Pemda Pangandaran Tolak Santri Pengibar Bendera di HSN Menggunakan Sarung


santri kecewa

Pangandaranlife.com, Minggu (22/10) Perayaan Hari Santri Nasional di Kabupaten Pangandaran diwarnai dengan kesedihan para santri karena pihak Pemda Pangandaran menolak pengibar bendera yang menggunakan kain Sarung.

Menurut Dewan Ustadz Pondok Pesantren Babakan Jamanis, Kecamatan Parigi Kabupaten Pangandaran Yusup Sidik mengatakan, bahwa pihak Pemda Pangandaran dinilai tidak konsisten dalam renacan/persiapan kegiatan HSN terutama untuk petugas pengibar bendera

"Jauh sebelumnya, panitia memutuskan untuk upacara HSN, petugas pengibar bendera harus dari santri dengan memakai sarung seperti kegiatan di kota/kabupaten lainnya," ujarnya kepada ruber.id, Minggu (22/10/2017).

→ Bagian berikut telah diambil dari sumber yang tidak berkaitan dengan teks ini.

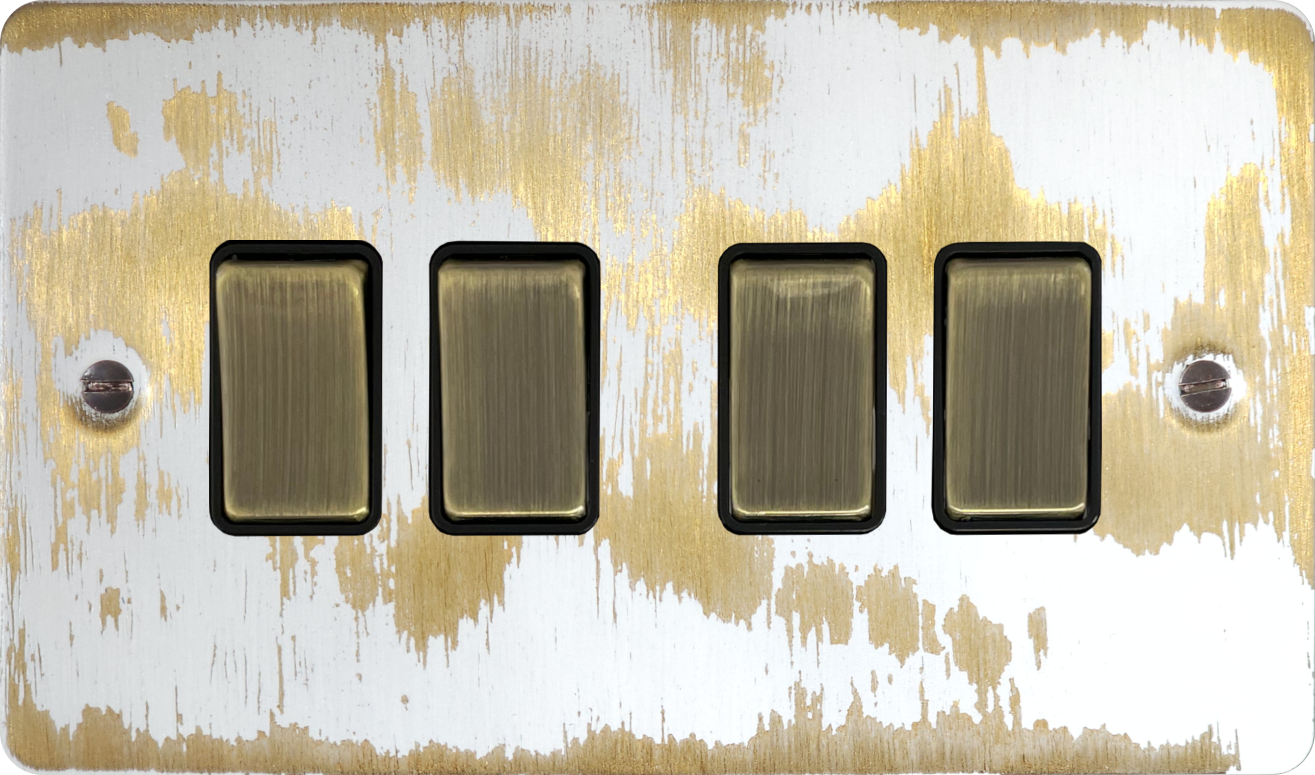 Flat Dover Bronze Light Switch (4 Gang/Antique Brass Switch/Black Insert) - G+H FDB304

Atas kesepakatan tersebut, kata Yusup, pengibar bendera dari salah satu Pondok Pesantren pun mulai latihan bahkan sudah melaksanakan gladi resik yang disaksiakan pihak Pemda Pangandaran.
"Tapi tiba-tiba, pada malam hari ada informasi untuk pengibar bendera, selain memakai sarung juga harus mempersiapkan baju paskibra biasa yang lengkap," tuturnya.

Namun, kata Yusup, setelah seluruhnya dipersiapkan lengkap, terjadi perdebatan alot antara pihak panitia dengan Pemda Pangandaran yang mengatakan tidak ada aturan pengibar bendera pakai sarung karena tidak sesuai dengan Tata Upacara Militer (TUM).

"Setelah kami jawab sudah mempersiapkan pakaian paskibra lengkap, malah ada alasan lainnya dengan mengatakan saat upacara, bendera harus sudah di atas menurut telepon dari Pemerintah Provinisi Jawa Barat," sebutnya.

Karena perdebatan tidak menemui titik temu, lanjut Yusup, akhirnya para santri pulang dengan rasa kecewa dan mereka menangis karena merasa dipermainkan," ucapnya.

Yusup menambahkan, kejadian tersebut memang dianggap hal kecil namun telah mengecewakan para santri yang telah berhari-hari melaksanakan latihan.

"Kami tersinggung dengan hal ini karena terkesan santri disepelekan. Tidak terbayangkan bagaimana perasaan mereka yang secara psikologis akan berdampak pada mentalnya," katanya.